The most popular plotting package for Python is matplotlib. It has many features, is flexible and easy to use, and perhaps most importantly it makes high quality plots.

Here's a plot I made with it. The data source is the PubChem file compounds_500001_510000.sdf.gz. It contains computed molecular weights for every compound and XLogP values for many of the compounds. I plotted MW vs. XLogP for the first 200 compounds with both values. The first 100 are drawn as blue squares, the second 100 are drawn as red triangles.

Here's the code to make the image. The read_data() function builds on the work I did in my previous essay.

from openeye.oechem import *
from pylab import *

# Read up to 'limit' records that have XLogP values
# Return the lists of:
#  identifiers, molecular weights, XLogP values
def read_data(ifs, limit = None):
    cids = []
    weights = []
    xlogps = []
    for i, mol in enumerate(ifs.GetOEGraphMols()):
        # Some of the compounds don't have an XLOGP value
        # Skip those molecules
        if not OEHasSDData(mol, "PUBCHEM_CACTVS_XLOGP"):
            continue
        cid = OEGetSDData(mol, "PUBCHEM_COMPOUND_CID")
        weight = OEGetSDData(mol, "PUBCHEM_OPENEYE_MW")
        xlogp = OEGetSDData(mol, "PUBCHEM_CACTVS_XLOGP")
        # double check 
        if (cid == "" or weight == "" or xlogp == ""):
            raise AssertionError( (cid, weight, xlogp) )

        cids.append(cid)
        weights.append(float(weight))
        xlogps.append(float(xlogp))

        if limit is not None and len(cids) >= limit:
            break
        
    return cids, weights, xlogps

def main():
    filename = "/Users/dalke/databases/compounds_500001_510000.sdf.gz"
    ifs = oemolistream(filename)
    ax = subplot(111)

    cids, weights, xlogps = read_data(ifs, 100)
    ax.scatter(weights, xlogps)

    cids, weights, xlogps = read_data(ifs, 100)
    ax.scatter(weights, xlogps, marker = "^", color="red")
    
    ax.set_xlabel("Atomic weight")
    ax.set_ylabel("CACTVS XLogP")

    show()

if __name__ == "__main__":
    OEThrow.SetLevel(OEErrorLevel_Error)
    main()
I think the code is straight-forward enough that I don't need to explain it. For details on the matplotlib calls, follow the links. I don't use the cids field here but I do in later examples.
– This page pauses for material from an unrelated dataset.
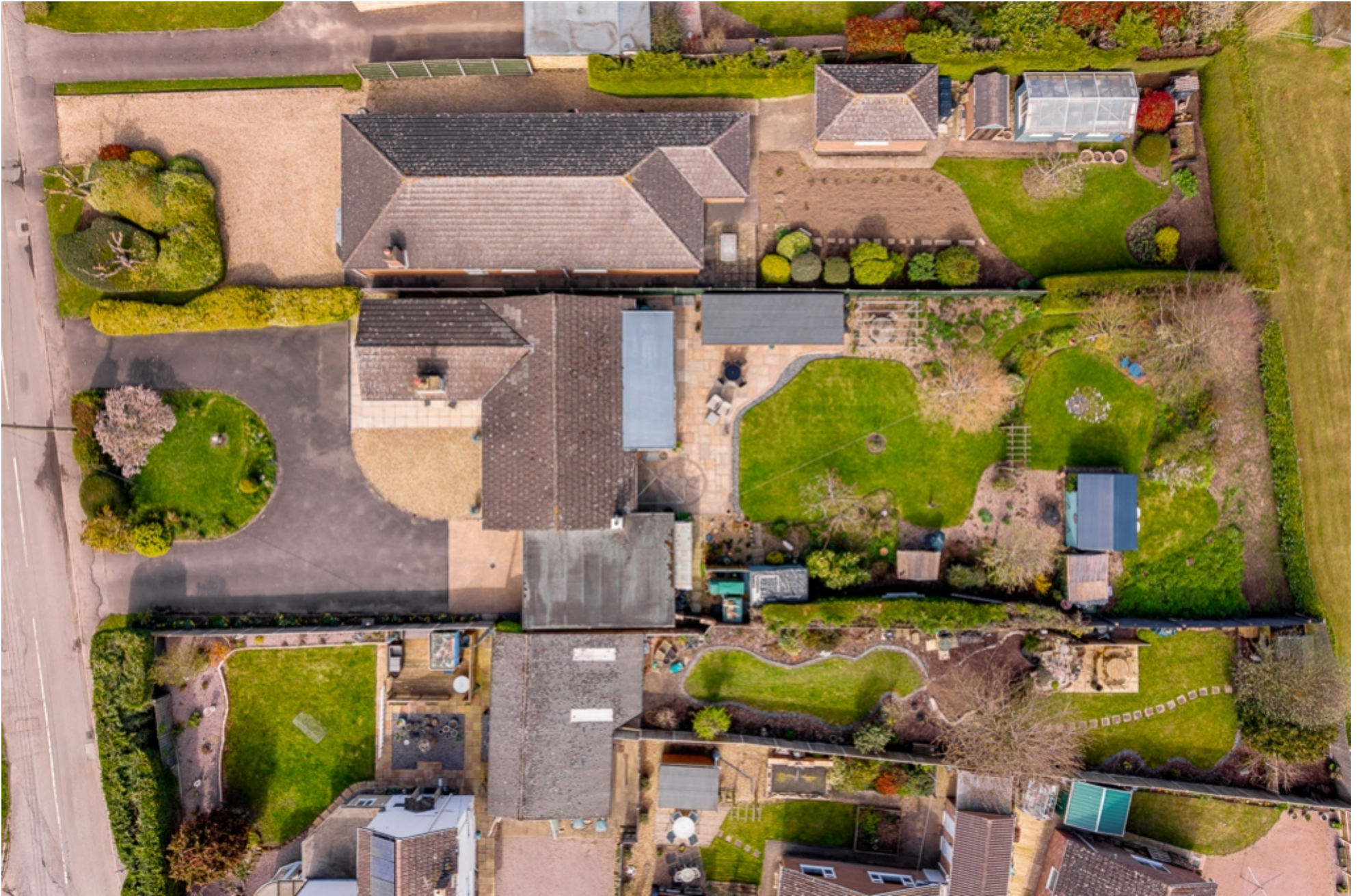
Culsharg, 1 Leagate Road, Antons Gowt, Boston, Lincolnshire, PE22 7BN

I'll modify the plot to have an ellipse for each of the two data sets. An ellipse for a given data set will be centered at the average of the molecular weight and XLogP values and use the standard deviation values for radii. Here's the result:

From what I can tell there is no command to create an ellipse but it's easy to make a function that creates an N-sided regular polygon that's close enough. In matplotlib there are lines, patches, and collections. A polygon is a type of patch so once created I use add_patch() to add it to the axes.

from openeye.oechem import *
from pylab import *
import stats

# Fake an ellipse using an N-sided polygon
def Ellipse((x,y), (rx, ry), resolution=20, orientation=0, **kwargs):
    theta = 2*pi/resolution*arange(resolution) + orientation
    xs = x + rx * cos(theta)
    ys = y + ry * sin(theta)
    return Polygon(zip(xs, ys), **kwargs)

# Read up to 'limit' records that have XLogP values
# Return the lists of:
#  identifiers, molecular weights, XLogP values
def read_data(ifs, limit = None):
    cids = []
    weights = []
    xlogps = []
    for i, mol in enumerate(ifs.GetOEGraphMols()):
        # Some of the compounds don't have an XLOGP value
        # Skip those molecules
        if not OEHasSDData(mol, "PUBCHEM_CACTVS_XLOGP"):
            continue
        cid = OEGetSDData(mol, "PUBCHEM_COMPOUND_CID")
        weight = OEGetSDData(mol, "PUBCHEM_OPENEYE_MW")
        xlogp = OEGetSDData(mol, "PUBCHEM_CACTVS_XLOGP")
        if (cid == "" or weight == "" or xlogp == ""):
            raise AssertionError( (cid, weight, xlogp) )

        cids.append(cid)
        weights.append(float(weight))
        xlogps.append(float(xlogp))

        if limit is not None and len(cids) >= limit:
            break
        
    return cids, weights, xlogps

def calculate_ellipse_data(xdata, ydata):
    xcenter = stats.lmean(xdata)
    xradius = stats.lstdev(xdata)
    ycenter = stats.lmean(ydata)
    yradius = stats.lstdev(ydata)
    return (xcenter, ycenter), (xradius, yradius)

def main():
    filename = "/Users/dalke/databases/compounds_500001_510000.sdf.gz"
    ifs = oemolistream(filename)
    ax = subplot(111)

    cids, weights, xlogps = read_data(ifs, 100)
    ax.scatter(weights, xlogps)
    center, radii = calculate_ellipse_data(weights, xlogps)
    ax.add_patch(Ellipse(center, radii, fill=0, edgecolor="blue"))
    
    cids, weights, xlogps = read_data(ifs, 100)
    ax.scatter(weights, xlogps, marker = "^", color="red")
    center, radii = calculate_ellipse_data(weights, xlogps)
    ax.add_patch(Ellipse(center, radii, fill=0, edgecolor="red"))
    
    ax.set_xlabel("Atomic weight")
    ax.set_ylabel("CACTVS XLogP")

    show()

if __name__ == "__main__":
    OEThrow.SetLevel(OEErrorLevel_Error)
    main()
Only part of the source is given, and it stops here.